**How to complete this task**
Exclude images, then output the remaining data verbatim.

**Source data**
↓

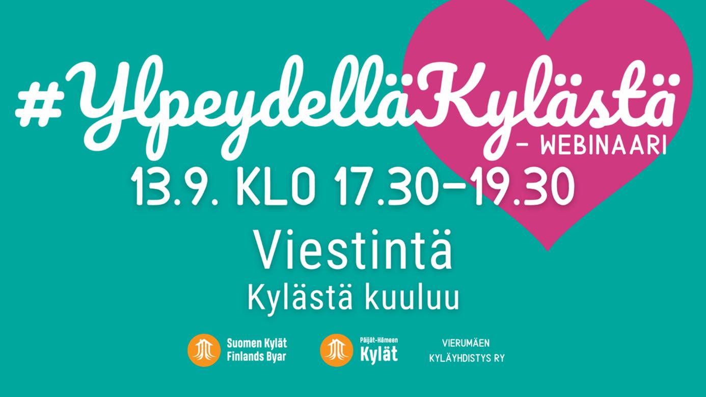 Den 13 september kl. 17.30-19.30 fortsätter webbinarieserien Ylpeydellä kylästä (Stolt över byn) med det tredje webbinariet som behandlar byakommunikationen, Viestintä – kylästä kuuluu. Det utlovas tre anföranden med idéer om att utveckla byakommunikationen.
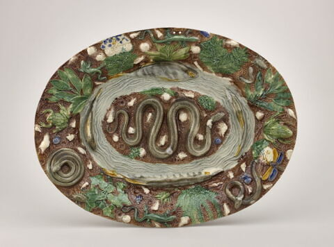 Plat ovale polychrome décoré au centre d'une couleuvre repliée sur le marli d'un lézard, de deux grenouilles et deux écrevisses. Revers jaspé. Céramique, terre argileuse, glaçure plombifère ; terre dite vernissée France, fin du XVIe siècle-début du XVIIe siècle.
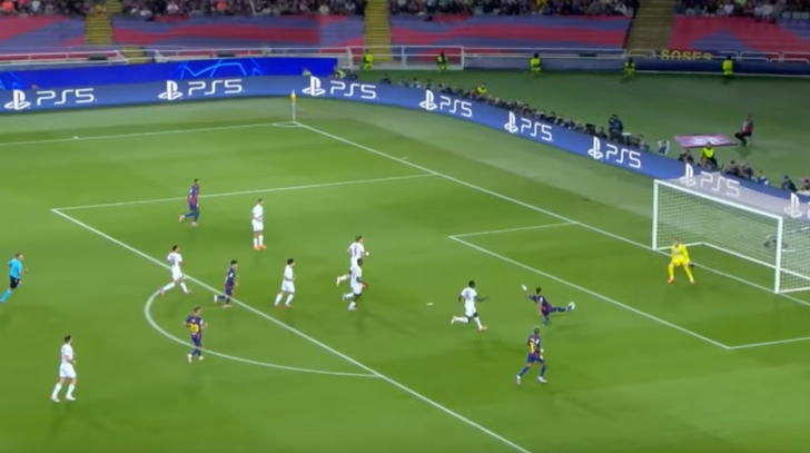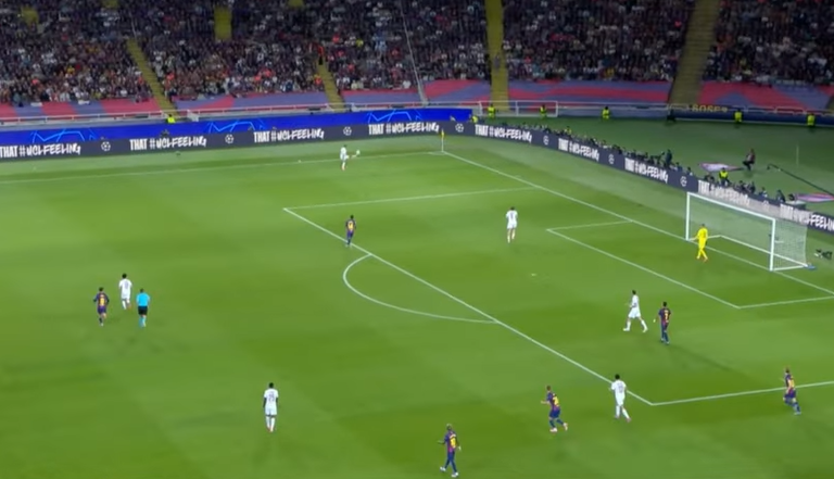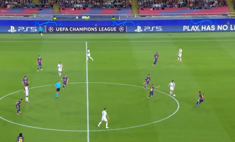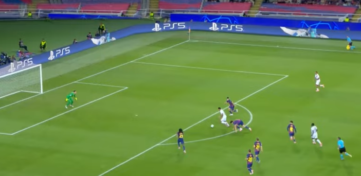 But the msot crucial rotations are also happening at the back. Martin breaks off the defensive line to pick up the fullback and Cubarsi shifts over to pick up PSG's right winger. This leaves the back line in a 3 v 3 but it will be difficult from PSG to create from this position as there are no players in support.

↑

**Written solution**
 Den 13 september kl. 17.30-19.30 fortsätter webbinarieserien Ylpeydellä kylästä (Stolt över byn) med det tredje webbinariet som behandlar byakommunikationen, Viestintä – kylästä kuuluu. Det utlovas tre anföranden med idéer om att utveckla byakommunikationen.
 Plat ovale polychrome décoré au centre d'une couleuvre repliée sur le marli d'un lézard, de deux grenouilles et deux écrevisses. Revers jaspé. Céramique, terre argileuse, glaçure plombifère ; terre dite vernissée France, fin du XVIe siècle-début du XVIIe siècle.
 But the msot crucial rotations are also happening at the back. Martin breaks off the defensive line to pick up the fullback and Cubarsi shifts over to pick up PSG's right winger. This leaves the back line in a 3 v 3 but it will be difficult from PSG to create from this position as there are no players in support.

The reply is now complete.